The iron moved towards the scarlet skin in slow motion…
Chamberlain had obviously reached the point where she thought she had nothing left to lose. Thorne watched her about to torture a man, and tried to decide if what he had was worth holding on to.
There was scarcely any air between metal and flesh…
Thorne knew that the sound and the smell of it could be no more than a moment away. He tried to speak, but once more he’d become as his father was. The words ‘no’ and ‘stop’ refused to come. He heard the hairs on Brookhouse’s chest begin to crackle. He put out a hand.
‘Carol…’
Brookhouse screamed hard and sucked in his chest, then screamed louder still as the mattress pushed him back up again, into the steaming base of the iron.
Chamberlain moved as if hers was the skin kissed by hot metal, and when she and Thorne had finished shouting, they could only stand still, pale and stiff as corpses, looking away while Brookhouse sobbed and spat bubbles of nonsense.
‘Ba…ba…’
Thorne listened to Brookhouse’s gibberish. He watched him kick a leg, slowly, as Holland’s baby had done.
‘Ba…ba…ba…’
Thorne looked across the bed at Chamberlain. He was unable to tell if the horror on her face was at what she had done with the iron or at something she could see stuck to the flat of it.

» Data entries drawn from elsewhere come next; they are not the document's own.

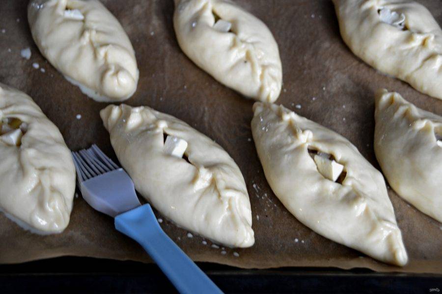 Для смазывания расстегаев перед выпечкой приготовьте смесь из небольшого количества молока и 1 яичного желтка. Смажьте этой смесью расстегаи. По желанию можно положить внутрь каждого расстегая небольшой кусочек сливочного масла через оставленное отверстие. Это придаст начинке нежный сливочный вкус.
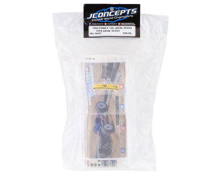 The JConcepts Axial SCX24 1993 Ford F-150 Mini Crawler Body is the ultimate option for "Blue Oval" fans. The super scale 1/24 body features the hard body-lines that give 90's era F-150s the built tough personality. The lowered bed allows for body mount positioning, as well as the ability to add an assortment of scale aftermarket accessories to make the truck unique. A small, built in front bumper can either be tucked behind the single tube bumper found on the Axial or simply positioned without the stock bumper for a more realistic street truck look. The body comes clear and includes an authentic decal sheet and easy to use window mask for the detailed hobbyist.
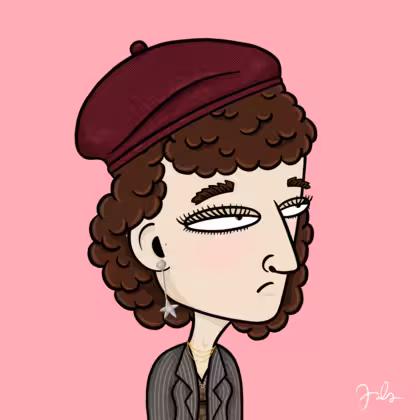 Collection Depressed Citizens Artist Juls Description ART. No team, no project, no future. Depressed Citizens is an urban & existential Art expression on Ordinals. In a parallel universe, "THEI" control us. DC unites against toxic society, encouraging critical thinking. 100% hand made collection that took Juls more than 6 months of daily work. Name Citizen#2977 Origin Caucasian non hispanic Gender Woman Necklace Gold layered necklace Hat Burgundy beret Mustache Beard No beard Glasses No Glasses Earrings Star earring set Hair Style Curly Clothes Old school brown printed shirt Tattoo No Tattoo Star Background Without stars
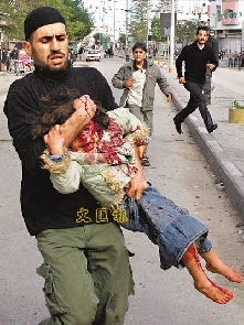空襲繼續造成平民傷亡,一名巴人抱著滿面鮮血的女孩逃亡。
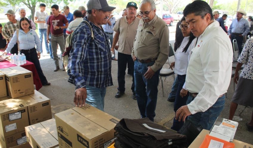 En apoyo directo a productores forestales, integrantes del ejido Rafael Villarreal, en Soto la Marina, y del ejido El Nogalito, en Casas, recibieron un total de 20 motosierras, fortaleciendo así sus actividades de aprovechamiento forestal.

It was perhaps an hour after Wayne Brookhouse had gone. The two of them were sitting in darkness, unable to drink fast enough–when the word suddenly danced into Thorne’s head.
‘What are we going to do about Rooker?’ Chamberlain asked. ‘With what that fucker did to Jessica? We can’t let him come out…’
Thorne wasn’t paying much attention. He was trying to place a word, recalling precisely where he’d seen it on a page. No, on a screen…
Brookhouse had not been talking nonsense at all.
Thorne had seen the word a month or so before on the NCIS website. On a night when he’d been unable to sleep, when he’d sat at his computer and absorbed the miserable realities of human trafficking. That same night he’d trawled through pages of information about organised crime in the UK and in Turkey. He’d speed-read dense blocks of text about the set-up of Turkish gangs, the customs and the hierarchies of the most powerful families in Ankara and Istanbul…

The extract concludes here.